Abstract
Abstract. Quantifying how landscapes have responded and will respond to vegetation changes is an essential goal of geomorphology. The Walnut Gulch Experimental Watershed (WGEW) offers a unique opportunity to quantify the impact of vegetation changes on landscape evolution over geologic timescales. The WGEW is dominated by grasslands at high elevations and shrublands at low elevations. Paleovegetation data suggest that portions of WGEW higher than approximately 1430 m a.s.l. have been grasslands and/or woodlands throughout the late Quaternary, while elevations lower than 1430 m a.s.l. changed from a grassland/woodland to a shrubland ca. 2–4 ka. Elevations below 1430 m a.s.l. have decadal timescale erosion rates approximately 10 times higher, drainage densities approximately 3 times higher, and hillslope-scale relief approximately 3 times lower than elevations above 1430 m. We leverage the abundant geomorphic data collected at WGEW over the past several decades to calibrate a mathematical model that predicts the equilibrium drainage density in shrublands and grasslands/woodlands at WGEW. We use this model to test the hypothesis that the difference in drainage density between the shrublands and grassland/woodlands at WGEW is partly the result of a late Holocene vegetation change in the lower elevations of WGEW, using the upper elevations as a control. Model predictions for the increase in drainage density associated with the shift from grasslands/woodlands to shrublands are consistent with measured values. Using modern erosion rates and the magnitude of relief reduction associated with the transition from grasslands/woodlands to shrublands, we estimate the timing of the grassland-to-shrubland transition in the lower elevations of WGEW to be approximately 3 ka, i.e., broadly consistent with paleovegetation studies.
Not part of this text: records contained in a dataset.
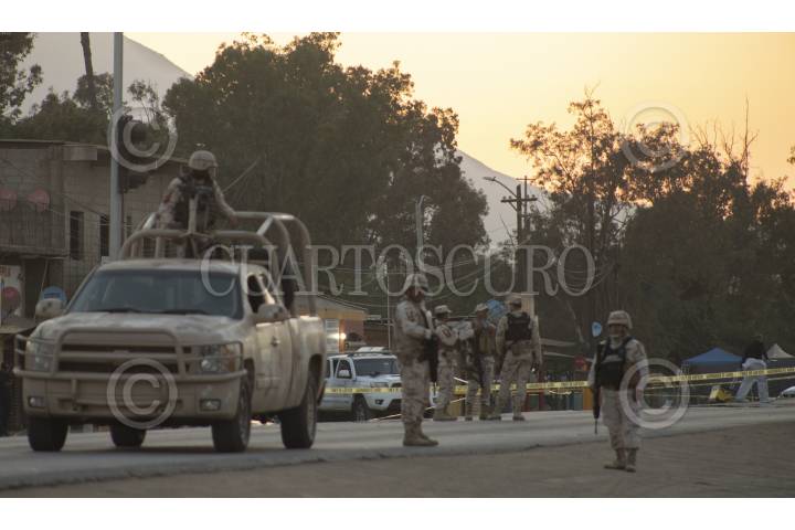 SAN VICENTE, BAJA CALIFORNIA, 20MAYO2023. Diez personas sin vida y nueve heridos, fue el saldo que dejó un ataque armado registrado durante la tarde del sábado 20 de Mayo en el poblado de San Vicente, Ensenada Baja California. Un grupo de personas a bordo de vehículos deportivos tipo Razers, se trasladaban por la carretera Transpeninsular, después de asistir al evento “Cachanillazo”, cuando fueron atacados a balazos. Las víctimas sobrevivientes, fueron trasladadas por paramédicos de la Cruz Roja un hospital para su atención médica. El multihomicidio, desplegó un fuerte operativo por zonas aledañas del municipio de Ensenada por parte de distintas corporaciones. De manera extraoficial se menciona que los presuntos responsables iban directo a asesinar a un Narcotraficante apodado “El Trébol”. FOTO: OMAR MARTÍNEZ/ CUARTOSCURO.COM
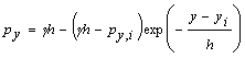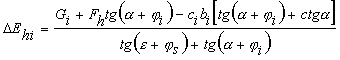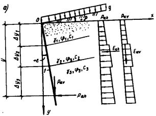 здесь Gi - сумма вертикальных составляющих нагрузок, включая вес элемента, нагрузки на его поверхности и др.; Fh - сумма горизонтальных составляющих нагрузок в пределах ширины элемента bi , в том числе фильтрационные силы (со знаком "плюс" - при направлении в сторону расчетной плоскости); bi - ширина элемента; ji - угол внутреннего трения у основания элемента; сi - средневзвешенное значение удельного сцепления по высоте элемента; a - угол между вертикалью и поверхностью обрушения, принимается со знаком "плюс" - по направлению часовой стрелки; js - средневзвешенное значение угла трения по расчетной плоскости. Если вычисленное значение Eah < 0, то следует принимать Еah = 0. Если сила Еan < 0, то она направлена вверх. Для определения интенсивности давления рah и точки приложения сил Еah и Еan принимают допущение, что давление на любую часть стены высотой у < Н можно определить тем же способом, что и для всей стены. Вследствие этого выбирают на расчетной плоскости несколько характерных точек на глубинах уj и для каждой определяют указанным выше способом давление Еahj, а затем вычисляют среднюю интенсивность давления на участке (yj - yj-1) по формулам:
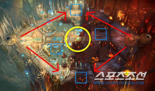 전반적인 게임의 흐름은 중앙 불멸자 중심으로 이어지지만 중앙싸움이 길어지면서 라인에서 손해를 보는 경험치가 상당하기에 불멸자의 공략 포기를 요구하는 순간도 종종 발생한다. 때문에 4인이 불멸자 공략에 힘쓰고 빠르게 한타 싸움에 합류할 수 있는 1인이 경험치를 지속적으로 수급하는 전략도 볼 수 있으며 애초부터 영웅군을 대인전 중심으로 한타 싸움에 올인할 수 있다.
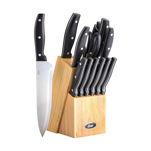 Set de cuchillos de cocina con 15 piezas esenciales: incluye cuchillo de chef, Santoku, pan, utilitario, pelador, 6 cuchillos para carne, tijeras, afilador y bloque de madera. Ideal para preparar como un profesional.
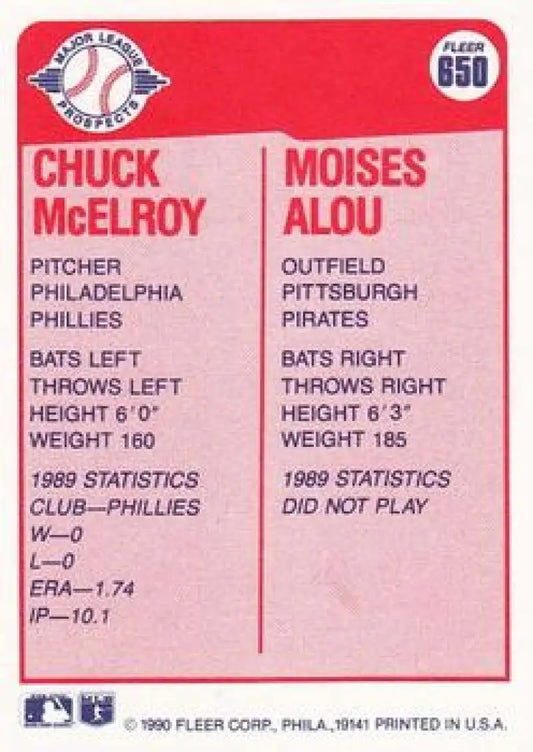 1990 Fleer #650 Chuck McElroy/Moises Alou NM-MT RC Rookie Pittsburgh Pirates/Philadelphia Phillies Baseball Card
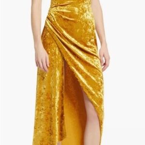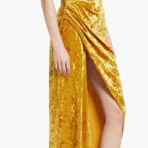 Elegantly draped along a slit hem, Saylor's Cydney midi dress is tailored in their sunny crushed velvet. Pull-over style.
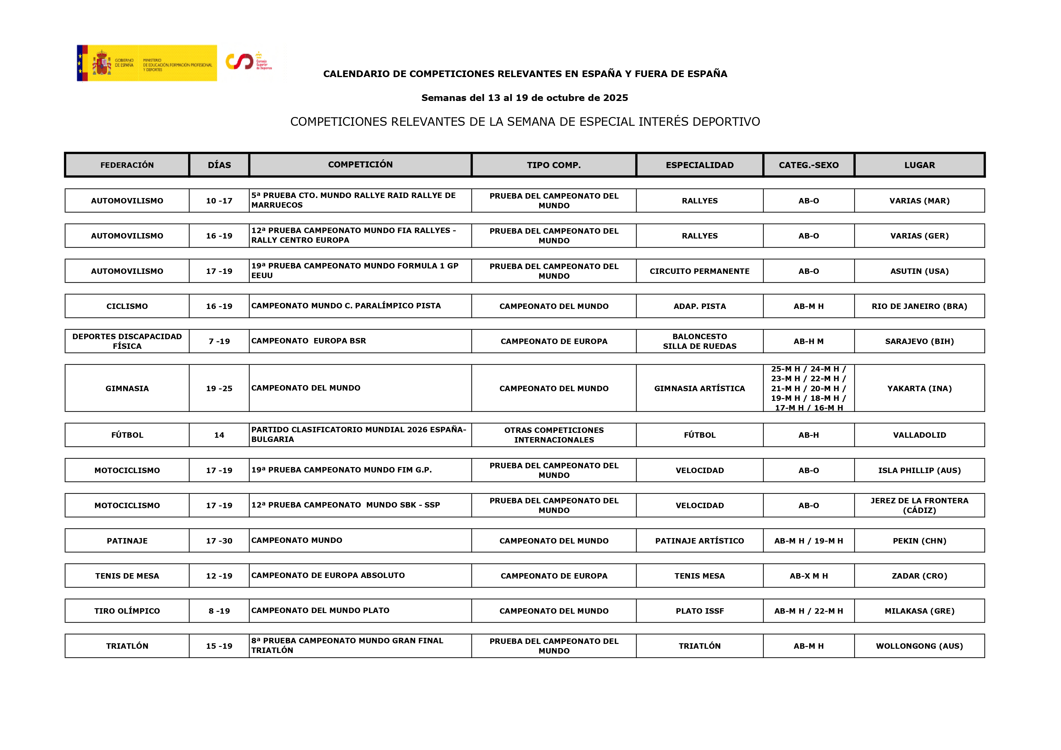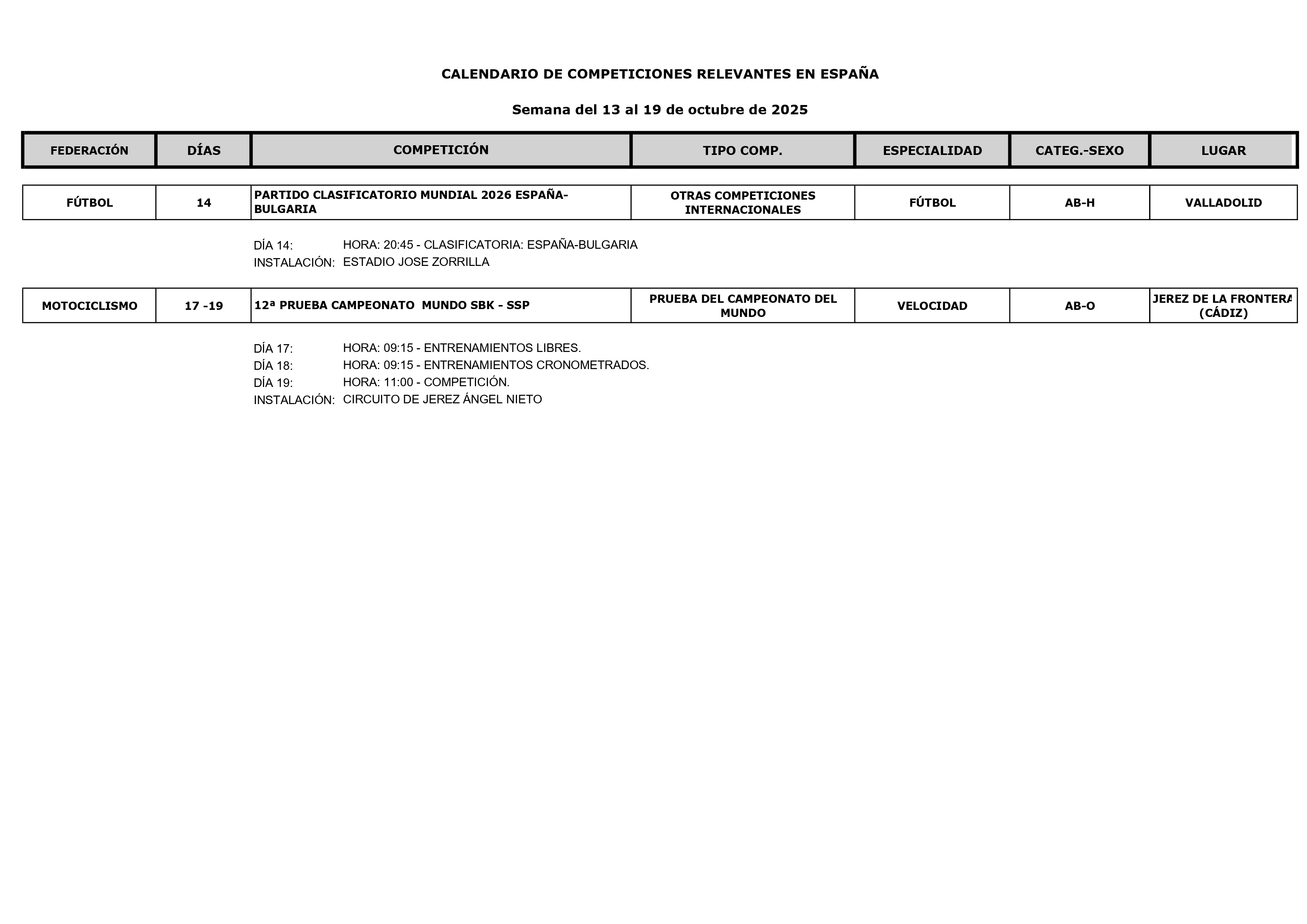 RESULTADOS DEPORTIVOS RELEVANTES: Resultados deportivos 29-09 a 05-10

Our results provide support for the hypothesis that common vegetation changes in semi-arid environments (e.g., from grassland to shrubland) can change erosion rates by more than an order of magnitude, with important consequences for landscape morphology.
Highlights
Understanding how climate change controls landscape evolution is a central problem in geomorphology
Due to the complex nature of the rock types exposed in the southern portion of the watershed, we focus this study on the northern portion of the watershed, which is dominated by the Gleeson Road Conglomerate (GRC)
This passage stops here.